- Task statement: The response should repeat word for word every line below from the one with "Chustka wykonana w" to the one with "カットと、色味が綺麗なサンス", inclusive, and nothing else; leave pictures out.

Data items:
________________________

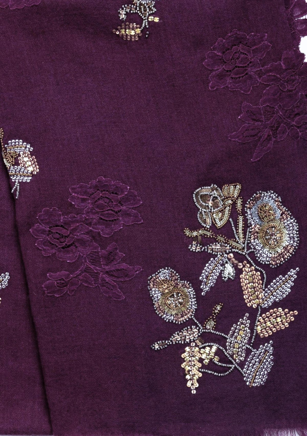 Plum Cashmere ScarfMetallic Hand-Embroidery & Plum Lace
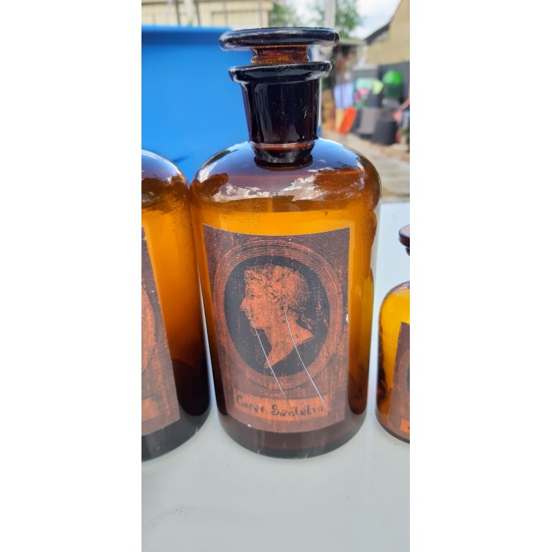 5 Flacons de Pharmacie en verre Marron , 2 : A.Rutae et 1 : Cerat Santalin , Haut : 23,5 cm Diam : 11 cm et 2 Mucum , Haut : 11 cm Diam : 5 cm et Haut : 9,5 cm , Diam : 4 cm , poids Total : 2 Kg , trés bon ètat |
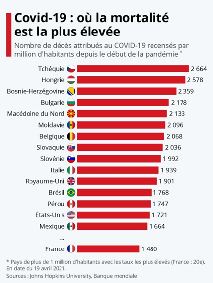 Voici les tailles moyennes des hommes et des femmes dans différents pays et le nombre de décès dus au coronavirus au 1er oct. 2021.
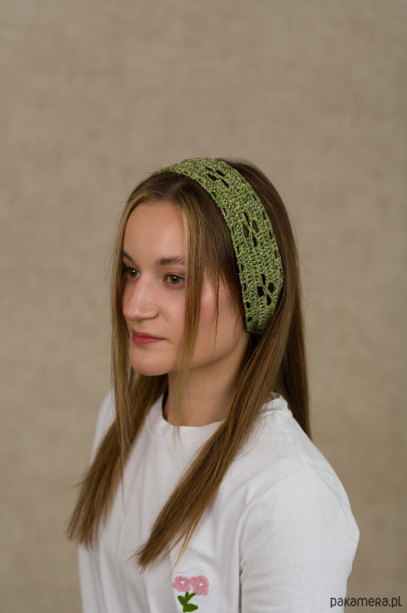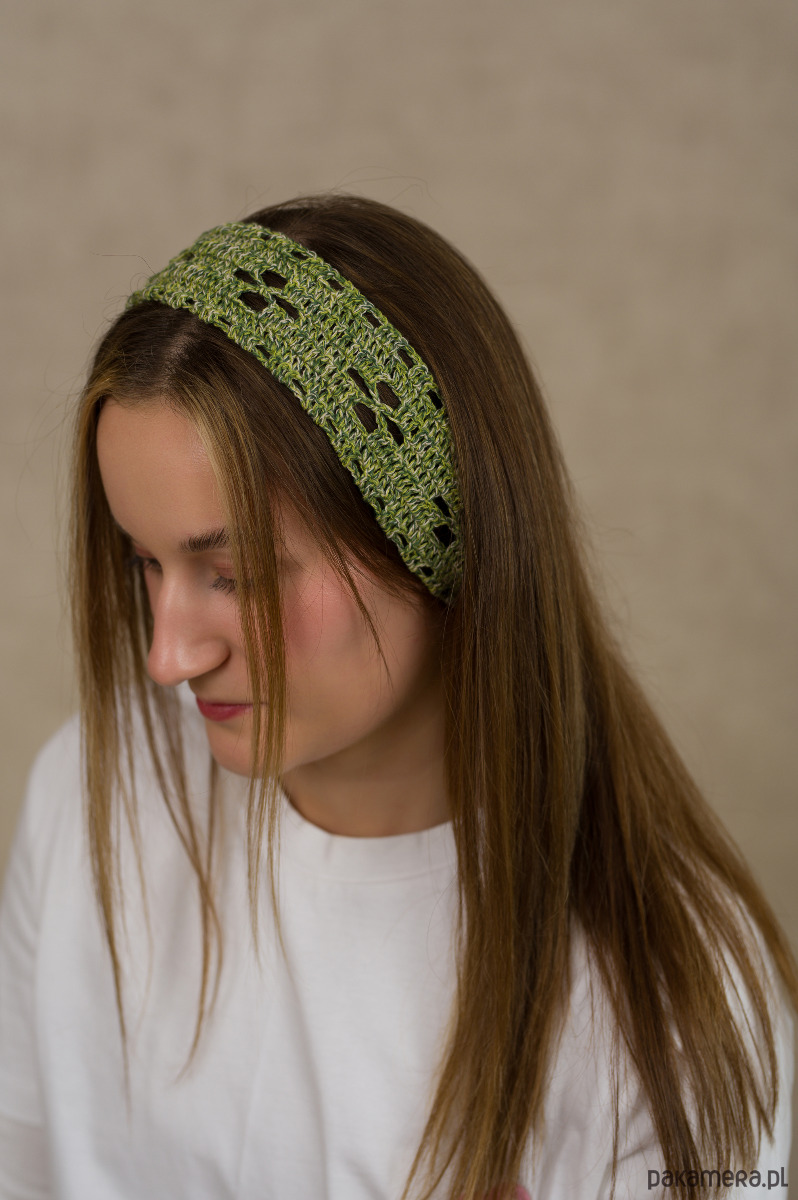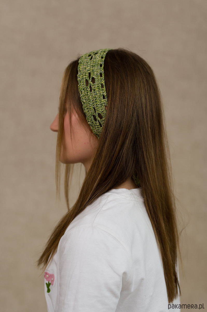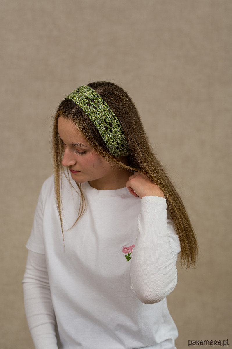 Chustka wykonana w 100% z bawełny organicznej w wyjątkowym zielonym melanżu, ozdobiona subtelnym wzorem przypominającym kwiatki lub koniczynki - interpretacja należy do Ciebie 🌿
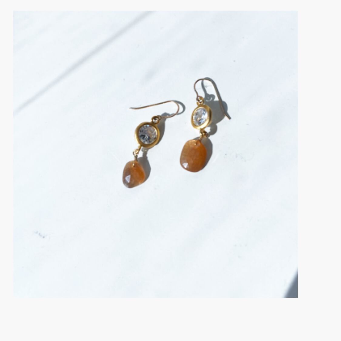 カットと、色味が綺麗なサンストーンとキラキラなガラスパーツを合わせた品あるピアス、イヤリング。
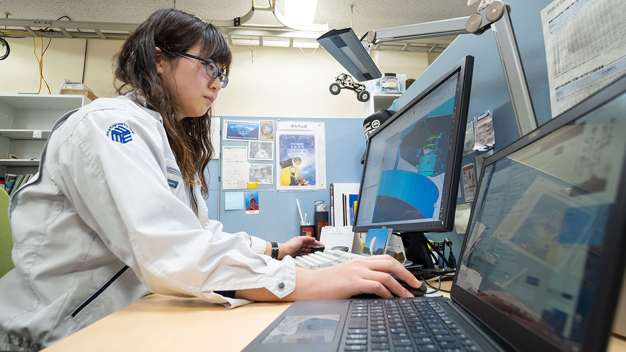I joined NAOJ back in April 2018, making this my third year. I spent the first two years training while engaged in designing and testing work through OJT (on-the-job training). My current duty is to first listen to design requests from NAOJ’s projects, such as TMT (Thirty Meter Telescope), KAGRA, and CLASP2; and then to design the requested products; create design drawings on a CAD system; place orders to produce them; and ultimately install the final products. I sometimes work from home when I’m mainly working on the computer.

________________________

- Result of the task:
 Chustka wykonana w 100% z bawełny organicznej w wyjątkowym zielonym melanżu, ozdobiona subtelnym wzorem przypominającym kwiatki lub koniczynki - interpretacja należy do Ciebie 🌿
 カットと、色味が綺麗なサンストーンとキラキラなガラスパーツを合わせた品あるピアス、イヤリング。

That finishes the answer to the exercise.